10.Study on the correlation of stage early upright mobilization in critical patients and enteral nutrition-related tolerance
Lan CAO ; Xianghong YE ; Lina ZHANG ; Jun LI ; Yang SUN ; Dun TIAN
Chinese Journal of Practical Nursing 2018;34(9):648-651
Objective To explore the correlation of stage early upright mobilization in critical patients and enteral nutrition- related tolerance.

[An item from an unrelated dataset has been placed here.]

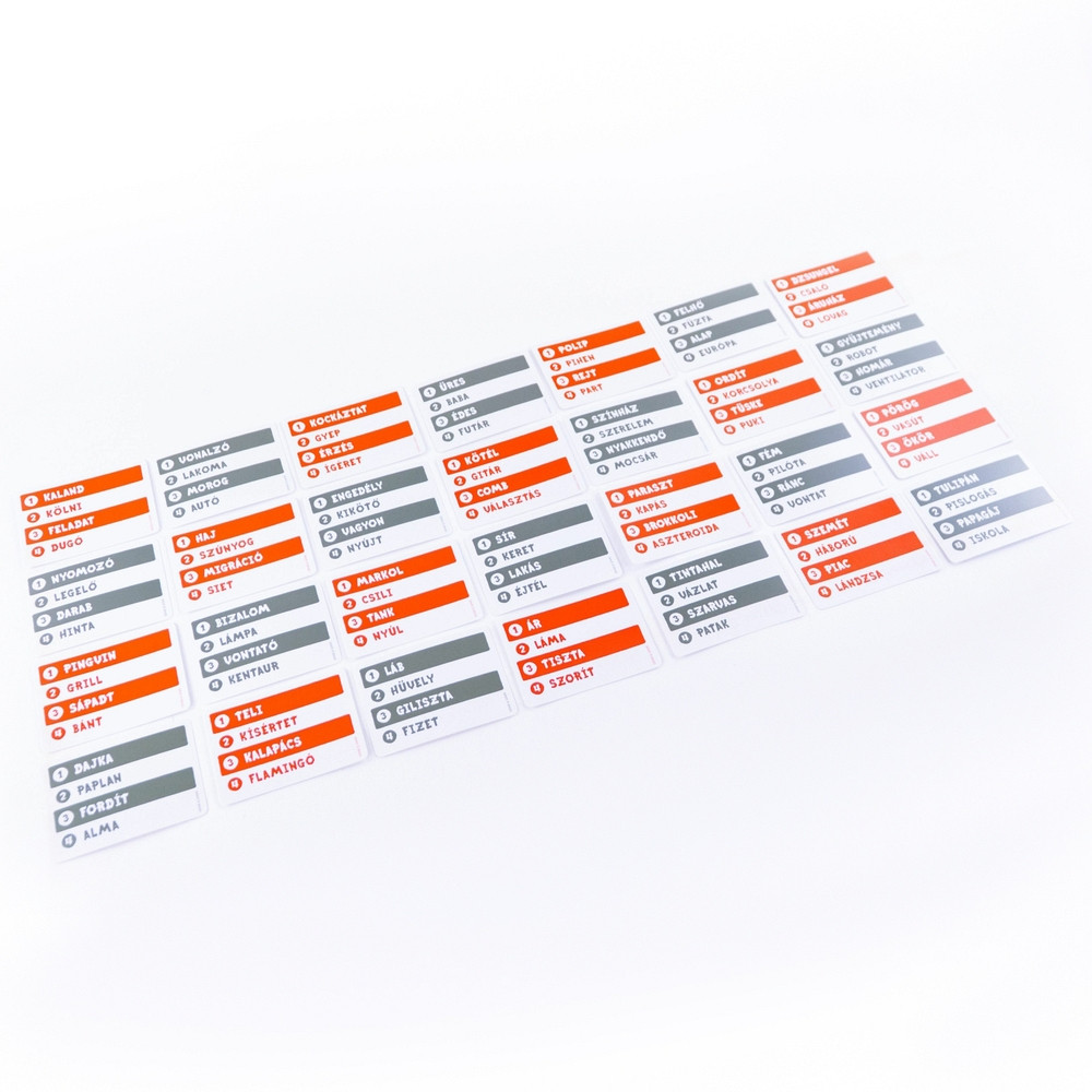 • Nehézítés: tiltsatok be gyakori szavakat (pl. „van”, „nem”), vagy adjatok témát (pl. tárgyak, helyek).

Methods A total of 50 critically patients with continuous enteral nutrition who admitted in ICU from October 2016 to July 2017 were randomized into two groups;the control group (receiving routine functional exercise in bed) and the observation group (stage early upright mobilization)25 cases in each group,the correlation of nutrition-related tolerance,the length of target feeding time and incidence of catheter related adverse events were compared. Results There was no statistically significant difference in the incidence of reflux of stomach,aspiration,diarrhea and catheter related adverse events in this two group patients during enteral nutrition(P>0.05),while the times of interrupting enteral nutrition in the observation group(0)was lower than that of the control group (20.83%,5/24),with a statistically significant difference(χ2=4.922,P=0.035).The length of target feeding time was shortened, (3.04 ± 0.66) d in the control group, (3.57 ± 0.83) d in the observation group,with a statistically significant difference(t=2.409,P=0.025). Conclusions Stage early upright mobilization in critical patients is safe and feasible,it can improve the feeding tolerance and shorten the length of target feeding time to promote the early recovery of the patient's disease.